Work request: Pictures do not belong in the output. Reproduce exactly the lines from the start of the records through the line with "卒業生入場で始まり,プロローグでクス玉割,全校合唱「大切なもの」を歌いました。".

··· Supplied records ···

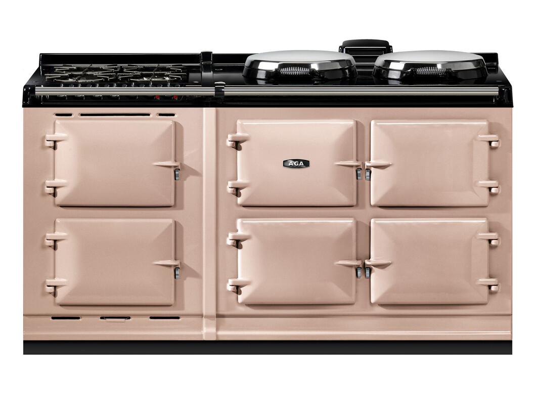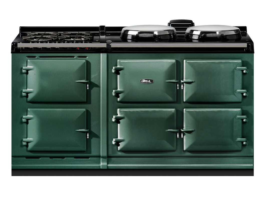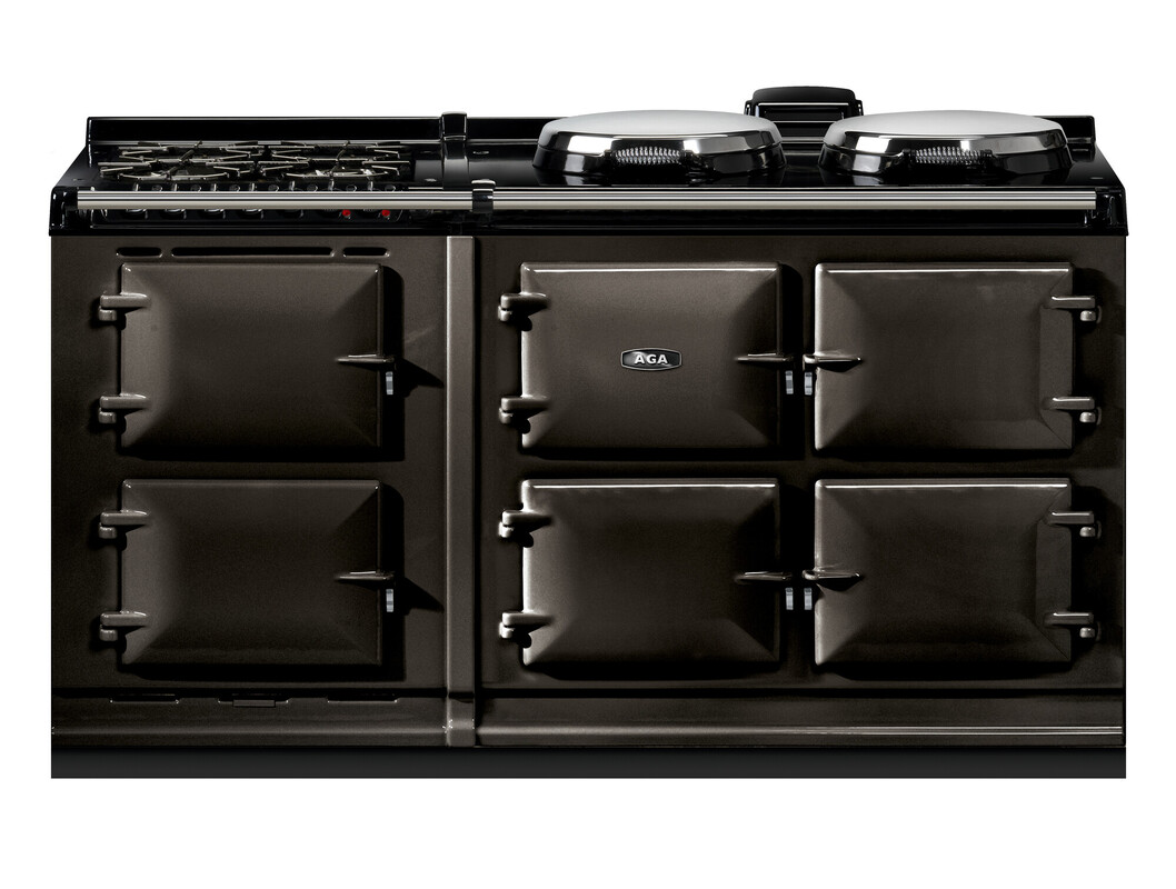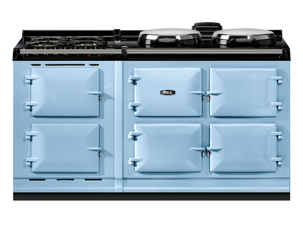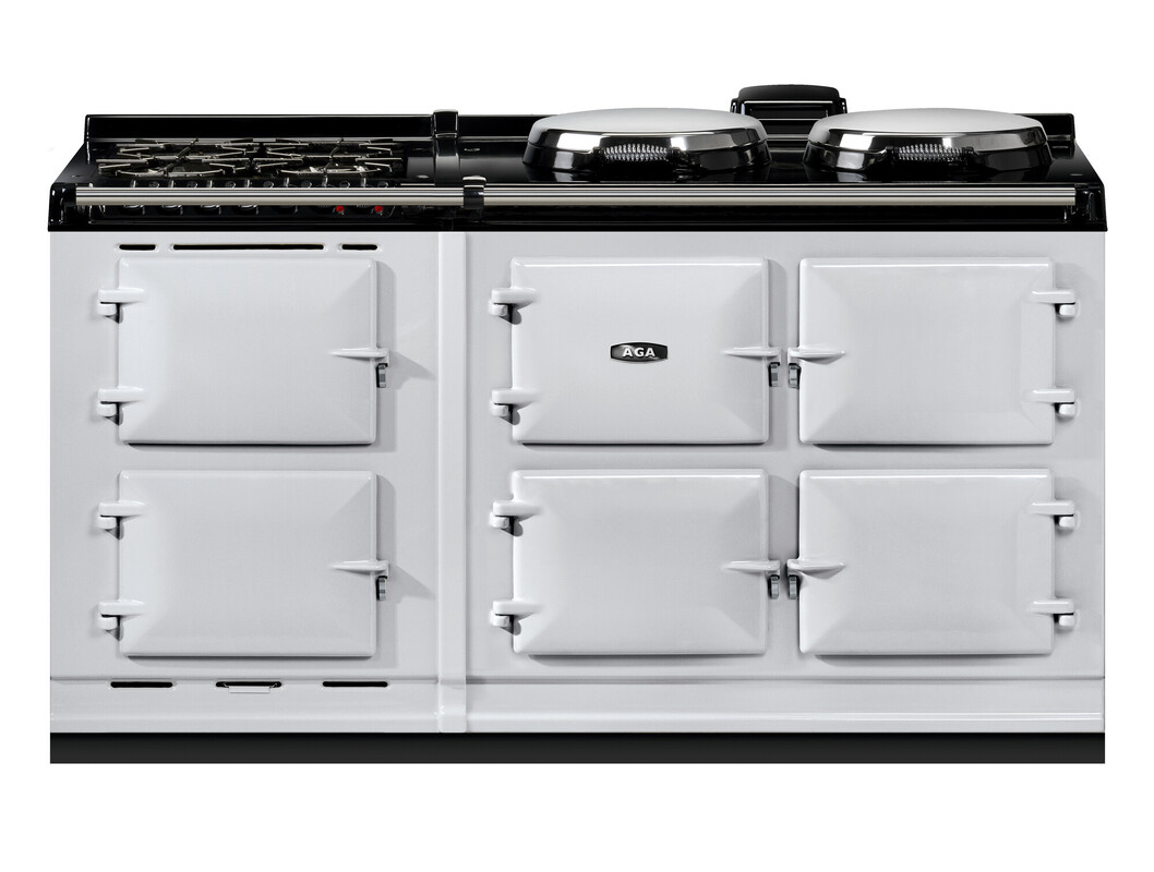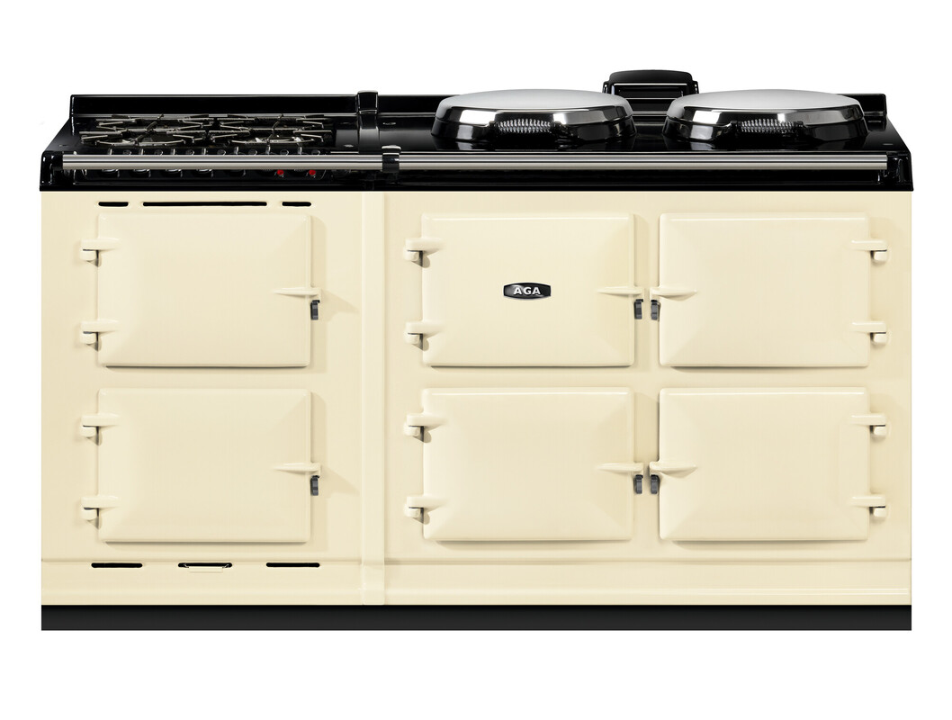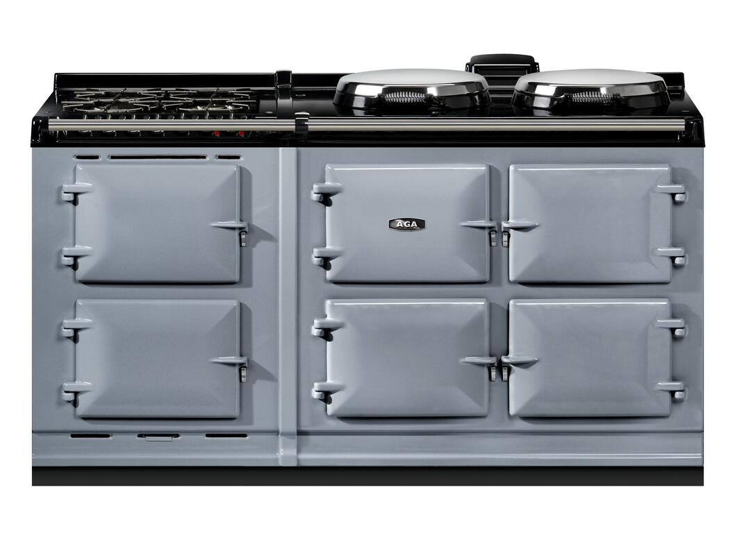 This model offers an additional AGA module with a slow cooking oven, featuring an integral grill, and a fan oven. There’s a 4-burner gas hob for optimal cooking flexibility., The AGA R7 160 features three cast-iron ovens for roasting, baking and simmering. There are four different temperature settings for flexibility and energy saving including an economy low mode and a high temperature option to provide a boost when you need it. In addition the two hotplates can be switched on and off independently of the ovens, and heat up in 10 to 12 minutes.
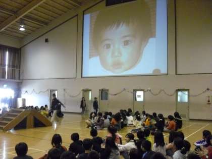 卒業生入場で始まり,プロローグでクス玉割,全校合唱「大切なもの」を歌いました。
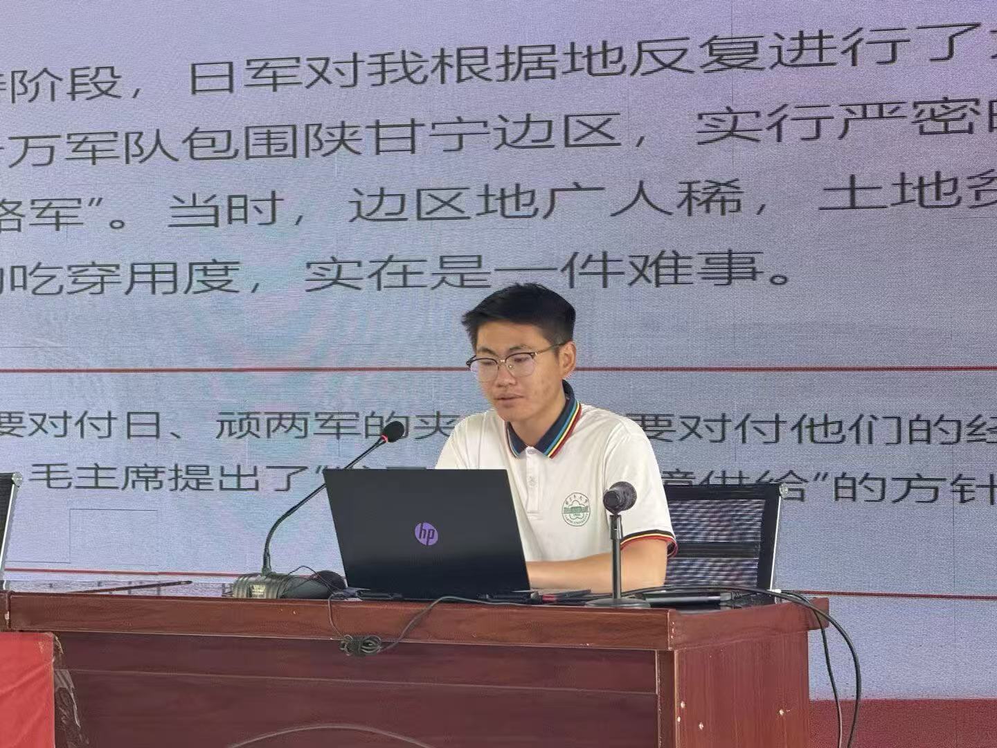 演講中,團(tuán)隊成員從南泥灣大生產(chǎn)運(yùn)動的歷史背景切入,講述1941年三五九旅在生死存亡的封鎖困境中,用镢頭開墾26萬畝荒地、實現(xiàn)“耕一余一”的奇跡。他特別提到毛主席“既要能打仗,又要會生產(chǎn)”的囑托,以及王震將軍與士兵同甘共苦開荒的故事,讓“自力更生、艱苦奮斗”的精神內(nèi)涵變得可感可觸。
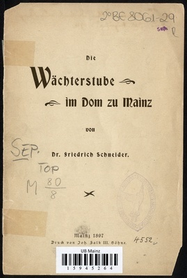 Die Wächterstube im Dom zu Mainz / Friedrich Schneider ; mit einer Skizze von Karl Goebel
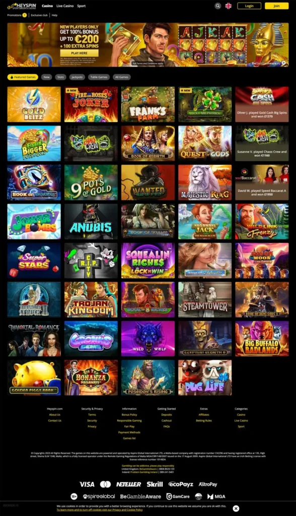 After obtaining licences to operate in Ontario, Denmark, and the Netherlands, Aspire Global has been doing well lately. It was nominated for three SBC Awards categories in 2022, including Platform Provider of the Year and Employer of the Year. In order to determine whether HeySpin Casino UK lives up to the operator’s illustrious reputation, our study will look at every facet of the casino.
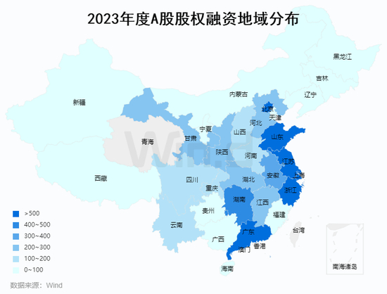 2023年度增发融资规模最高的区域为北京,募资金额达1,135亿元,共计30起项目。广东和浙江分别以784亿元和550亿元的募资额位居第二名和第三名,募资项目分别为58起和36起。
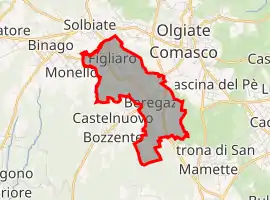 Beregazzo con Figliaro (Comasco: Beregazz con Fiee [bereˈɡats kũ fiˈ(j)eː]) is a comune (municipality) within the Province of Como, Lombardy, Italy. The municipality is located about 35 kilometres (22 mi) northwest of Milan and about 11 kilometres (7 mi) southwest of Como. As of 31 December 2004, it had a population of 2,387 and an area of 3.8 square kilometres (1.5 sq mi).[3]
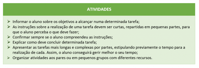 Dado que as crianças com PHDA têm dificuldades em organizar a informação, as atividades devem ser apresentadas de forma simples, com instruções curtas, claras e diretas.
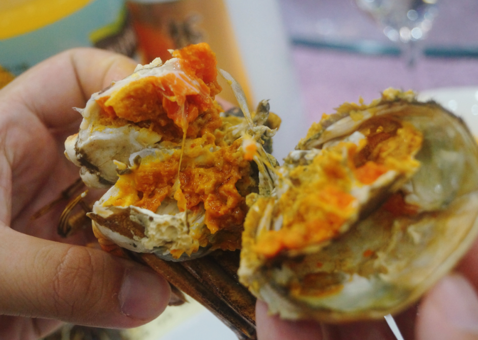 蟹乃食中珍味,素有“一盤蟹,頂桌菜”的民諺,故盛宴上第一道菜便是大閘蟹。此蟹是江蘇區(qū)域同事帶回來的全程使用我司產品養(yǎng)殖出塘的大閘蟹,此批雌蟹只只體大膘肥,青殼白肚,金爪黃毛,簡直像個威風凜凜、光彩照人的鐵甲將軍。經(jīng)清蒸后,蟹呈亮橘紅色,在揭開蟹蓋的那一剎那,入眼的膏黃脂肥肉緊,入口鮮甜細潔滑嫩,不愧為人間美味。
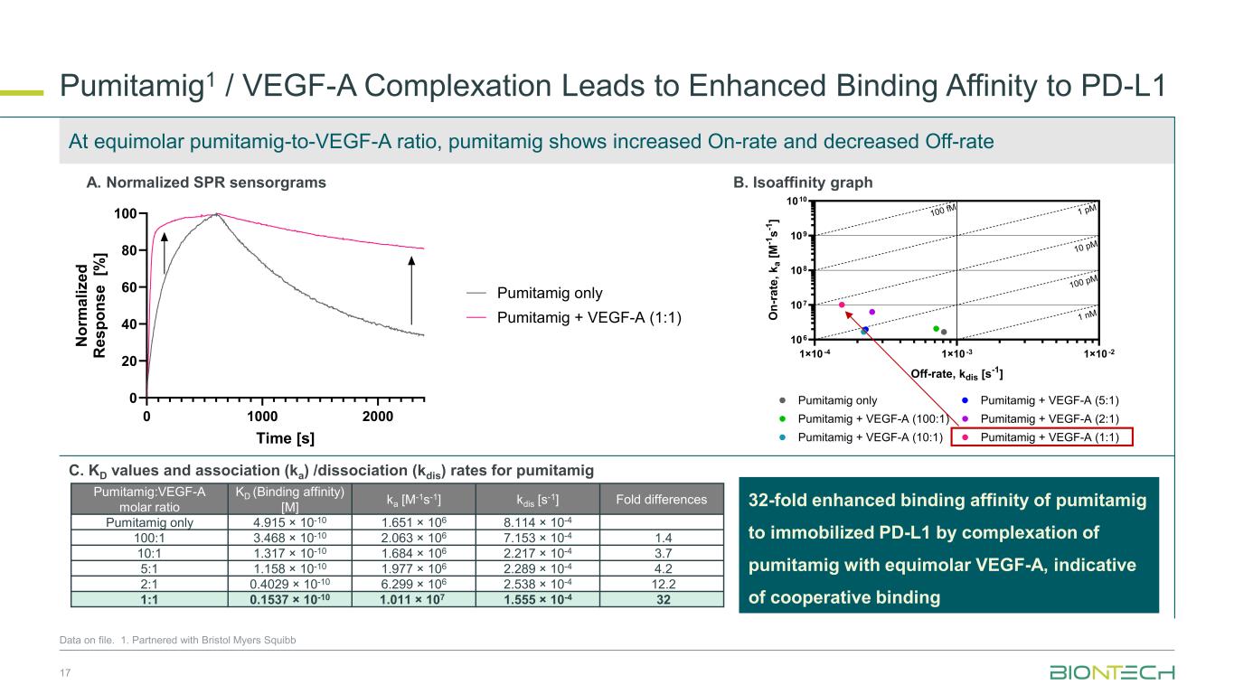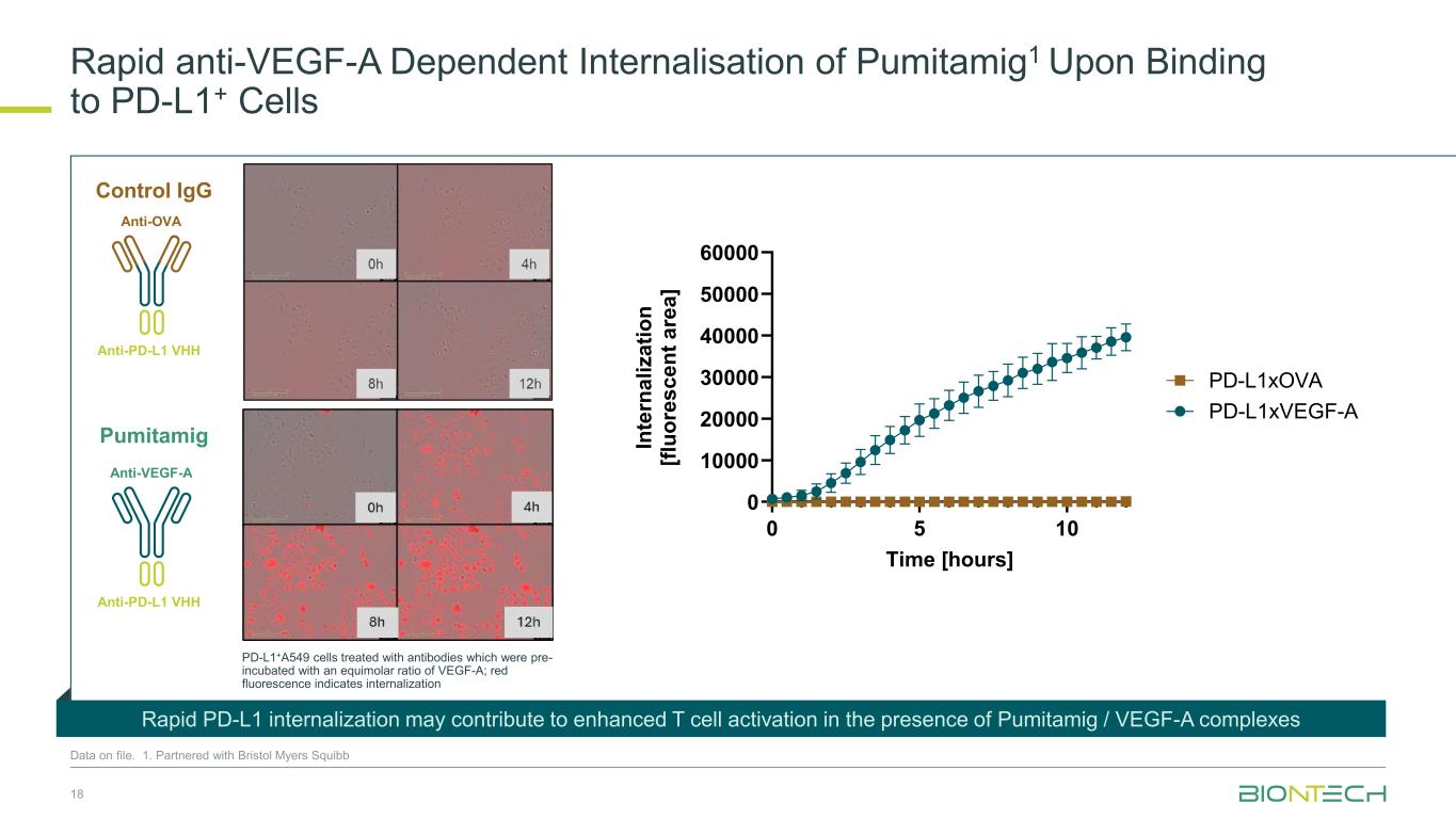 1×10 -4 1×10 -3 1×10 -2 106 107 108 109 1010 Off-rate, kdis [s-1] O n -r a te , k a [ M -1 s -1 ] Pumitamig only Pumitamig + VEGF-A (100:1) Pumitamig + VEGF-A (10:1) Pumitamig + VEGF-A (5:1) Pumitamig + VEGF-A (2:1) Pumitamig + VEGF-A (1:1) 100 fM 1 pM 10 pM 100 pM 1 nM Pumitamig1 / VEGF-A Complexation Leads to Enhanced Binding Affinity to PD-L1 17 Data on file. 1. Partnered with Bristol Myers Squibb 0 1000 2000 0 20 40 60 80 100 Time [s] N o rm a li z e d R e s p o n s e [% ] Pumitamig only Pumitamig + VEGF-A (1:1) Pumitamig:VEGF-A molar ratio KD (Binding affinity) [M] ka [M-1s-1] kdis [s-1] Fold differences Pumitamig only 4.915 × 10-10 1.651 × 106 8.114 × 10-4 100:1 3.468 × 10-10 2.063 × 106 7.153 × 10-4 1.4 10:1 1.317 × 10-10 1.684 × 106 2.217 × 10-4 3.7 5:1 1.158 × 10-10 1.977 × 106 2.289 × 10-4 4.2 2:1 0.4029 × 10-10 6.299 × 106 2.538 × 10-4 12.2 1:1 0.1537 × 10-10 1.011 × 107 1.555 × 10-4 32 A. Normalized SPR sensorgrams B. Isoaffinity graph C. KD values and association (ka) /dissociation (kdis) rates for pumitamig At equimolar pumitamig-to-VEGF-A ratio, pumitamig shows increased On-rate and decreased Off-rate 32-fold enhanced binding affinity of pumitamig to immobilized PD-L1 by complexation of pumitamig with equimolar VEGF-A, indicative of cooperative binding
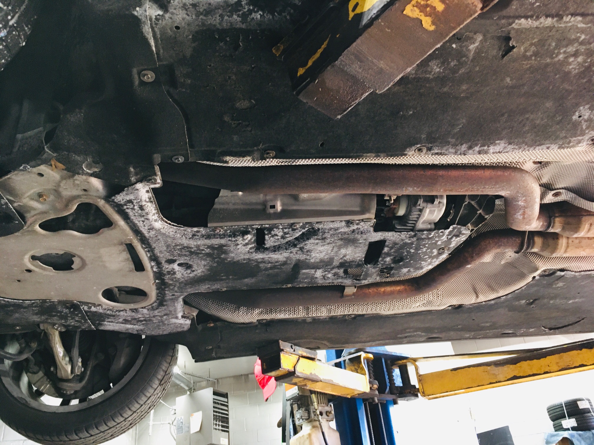 Hope all is well. I see that part of the underbody cover circled is torn off, but is anything else missing from the underside pictured? These panels are so fragile! :| Thank you. |
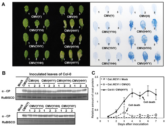 Schematic structures of the reassortant CMV RNA genomes of the two parent CMV strains, CMV(Y) and CMV(H), are shown in Figure S1. When fully-expanded leaves of three independent A. thaliana ecotype Col-0 plant were inoculated with one of the reassortant CMVs [CMV(HHY), CMV(HYY), CMV(YHH), CMV(YYH), CMV(YHY) or CMV(HYH); and CMV(Y) or CMV(H) strain as a control], a cell death developed at 5 dpi in those inoculated with three of the reassortant CMVs containing CMV(H) RNA1: CMV(HHY), CMV(HYY), or CMV(HYH). However, cell death did not occur in Col-0 leaves inoculated with other reassortant CMV, CMV(Y), or CMV(H) (Figure 1A and Figure S2). At 5 dpi, cell death (which affected a much larger area in comparison with HR cell death) developed in Col-0 leaves inoculated with CMV(HHY), CMV(HYY), or CMV(HYH); whereas HR cell death developed in CMV(Y)-inoculated leaves of RCY1-transformed Col-0 (Col::RCY1) at 3 dpi (Figure 1A and Figure S2A,B). These results suggest that CMV(H) RNA1 might be associated with cell death development in reassortant CMV-inoculated leaves through its interaction with CMV(Y) RNA2 or CMV(Y) RNA3 and a characteristic of this cell death is to spread to a broader area around the virus primary infection site than occurs with HR cell death.
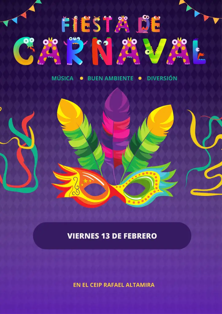 El Carnaval llega al cole y queremos celebrarlo a lo grande. Ven con tu mejor disfraz, muchas ganas de reír y preparado para un día lleno de color, música y sorpresas.
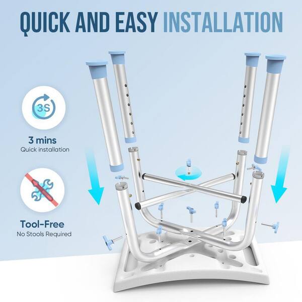 16.5 in. W 6 Adjustable Height Anti-Slip Heavy Duty Aluminum Shower Stool in Blue for Inside Shower, 500 lb. Capacity
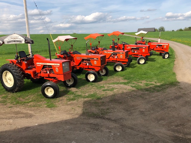 D17 1958 (NFE), WD45 1954 (NFE), WD 1952 (NFE), WD 1950 (WFE), Allis F-40 forklift, Allis CA, Allis D14, Ford Jubilee, Many IH Cub Cadets, 32 Ford Dump, 65 Comet, 66 F100.

···

Your response:
 This model offers an additional AGA module with a slow cooking oven, featuring an integral grill, and a fan oven. There’s a 4-burner gas hob for optimal cooking flexibility., The AGA R7 160 features three cast-iron ovens for roasting, baking and simmering. There are four different temperature settings for flexibility and energy saving including an economy low mode and a high temperature option to provide a boost when you need it. In addition the two hotplates can be switched on and off independently of the ovens, and heat up in 10 to 12 minutes.
 卒業生入場で始まり,プロローグでクス玉割,全校合唱「大切なもの」を歌いました。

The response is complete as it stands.